On our way back home to Caribou, we stopped at Cemetery Island. What an emotional place that was. Very spiritual. I didn't take pictures as Mike has a lot of them.

After we got home, the wind had finally died down enough to have a fire. It was fabulous! I was sooo toasty warm. I didn't think we'd ever be able to have a fire with how windy it had been. I guess it was meant to be after all of our hard work gathering firewood.

Saturday, May 11
Our last day/night on the island, *sniff sniff*. Another cold and windy one, but not as cold as the day before. We decided to stay on Caribou and head to Daisy in the morning since the boat isn’t coming until 1pm central time, so that's 2pm our time. The lake didn't look all that friendly for paddling anyway.

We just hung out, avoiding the wind, catching up in our journals. It was too windy that night to have a fire, so we hung out in the shelter, sitting on our canoe chairs. The tarp and canoe chairs have saved us on this trip!

Sunday, May 12
And we are going to paddle in WHAT???
We had rain, freezing rain, snow, you name it, we had it that morning. It did finally stop shortly before we had to load to canoe to head over to Daisy. We were planning on heading out at Noon our time and have plenty of time to paddle against the wind to get to Daisy with what should have been an hour to spare.

Just as we moved the canoe to the water, Rolf Peterson pulled up to tell us that the Voyageur was just around the corner. Talk about miscommunication. The Rangers on Mott told us 2pm our time and told Capt. Don that we would be at Rock Harbor.

So, we are paddling with all our might and don't seem to be going anywhere against the wind when we see the Voyageur approaching us. Thank Goodness he saw us 'cuz we were the only reason he was going to Rock Harbor and we were going to Daisy. After we were done B.S.ing, we about ran into the Voyageur, I had to push off with my paddle. You don't realize how big it is until your right next to it in a canoe.

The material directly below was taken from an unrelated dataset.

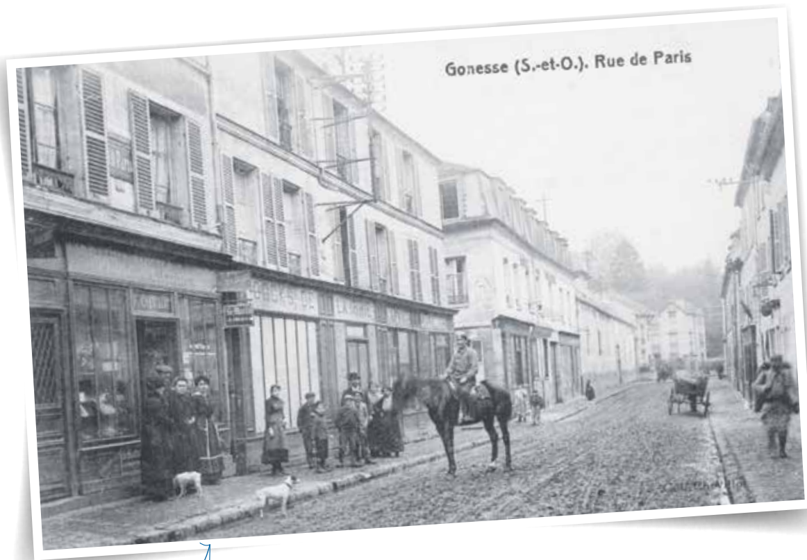
La rue de Paris vers 1915-1916

L'optimisme des premiers jours et la certitude d'une guerre courte ne sont plus de mise à l'automne: la ligne de front s'enlise dans les tranchées de la mer du Nord à la frontière suisse et l'on se prépare aux rigueurs de l'hiver. Le conseil municipal décide l'envoi de vêtements chauds pour nos soldats.

We made it to the Daisy dock just as the Voyageur was being tied off. Candy and the rest of her group came down to help us with our gear. In two seconds, everything was on the dock and loaded. It was a lot warmer over there and the boat was warmer AND the sun was out! Woo Hoo!!

The only passenger on the boat coming TO the island was Robert Seeber (Bucket Bob). It was nice catching up with him. He offered us extra food if we had decided to get dropped off at Malone and stay until the 19th but things were more complicated than that. It woulda been nice to stay since the weather seemed to get better after that.

To soften the blow of our trip being cut short, and since we didn't have to be home until Saturday, I suggested that we swing up to Copper Harbor on our way home so that Mike could get his ever favorite meal at Harbor Haus and I could pick up some Isle Royale souvenirs since Grand Portage doesn't have anything and the island stores are never open when we are there because we always take the first and last boat.

We got back to Grand Portage and all the snow was gone. We got our hot showers and went down to the dining room to get dinner. One advantage of coming back early was that I got a free Mother's Day buffet meal. I'm always on the island for Mother's Day so that was a nice treat and good too! (I'm kinda a picky eater…shut up Mike!!)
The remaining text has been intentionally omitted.